Debiti della s.a.s.: l’accomandante risponde nei limiti della propria quota di liquidazione

di Studio tributario Gavioli & Associati | 17 Febbraio 2026
Debiti della s.a.s.: l’accomandante risponde nei limiti della propria quota di liquidazione

La Corte di Cassazione con l’ordinanza n. 2470, del 5 febbraio 2026, ribadisce il limite della responsabilità del socio accomandante.
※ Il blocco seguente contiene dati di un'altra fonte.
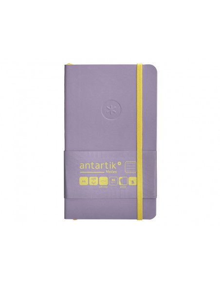 Cuaderno con gomilla antartik notes tapa blanda a6 rayas morado y amarillo 100 hojas 80 gr fsc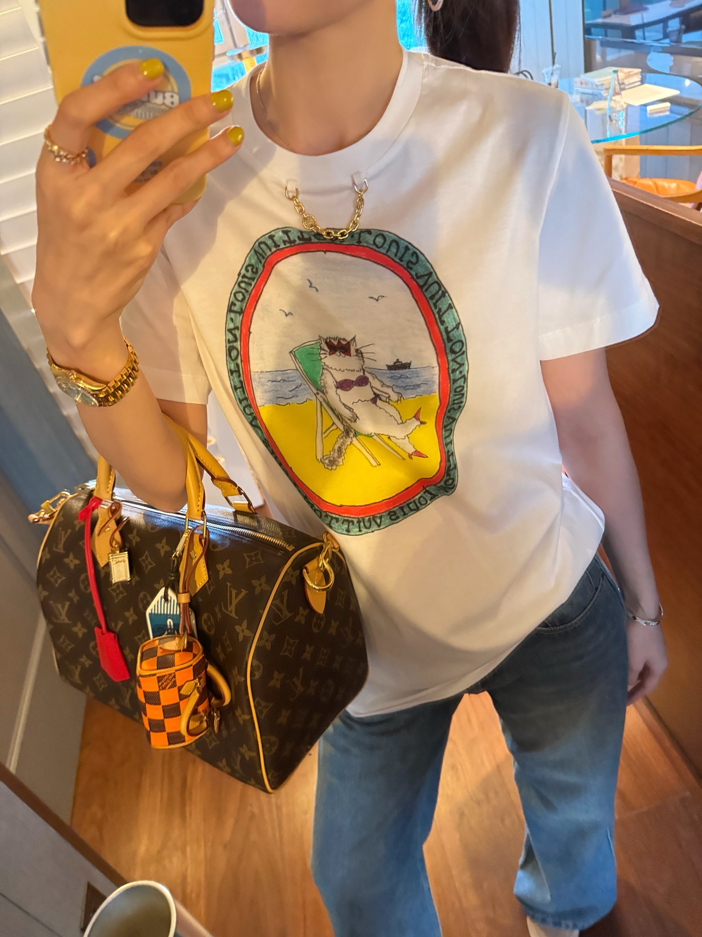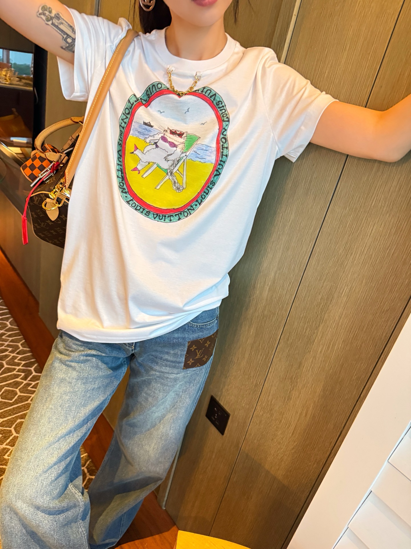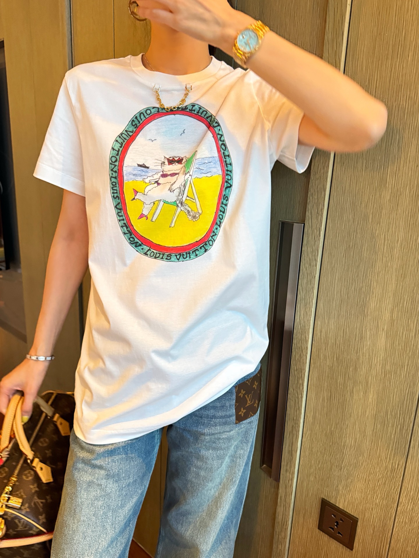 L家 聯名GC貓咪系列中長版印花短袖

Nel caso in esame la Commissione tributaria regionale ha accolto l’appello del contribuente e annullato la cartella di pagamento relativa all’imposta di registro e sanzioni dovute da una s.a.s. estinta, di cui il ricorrente è il socio accomandante.
Avverso la sentenza sfavorevole l’Agenzia delle Entrate è ricorsa in Cassazione con una serie articolata di motivazioni.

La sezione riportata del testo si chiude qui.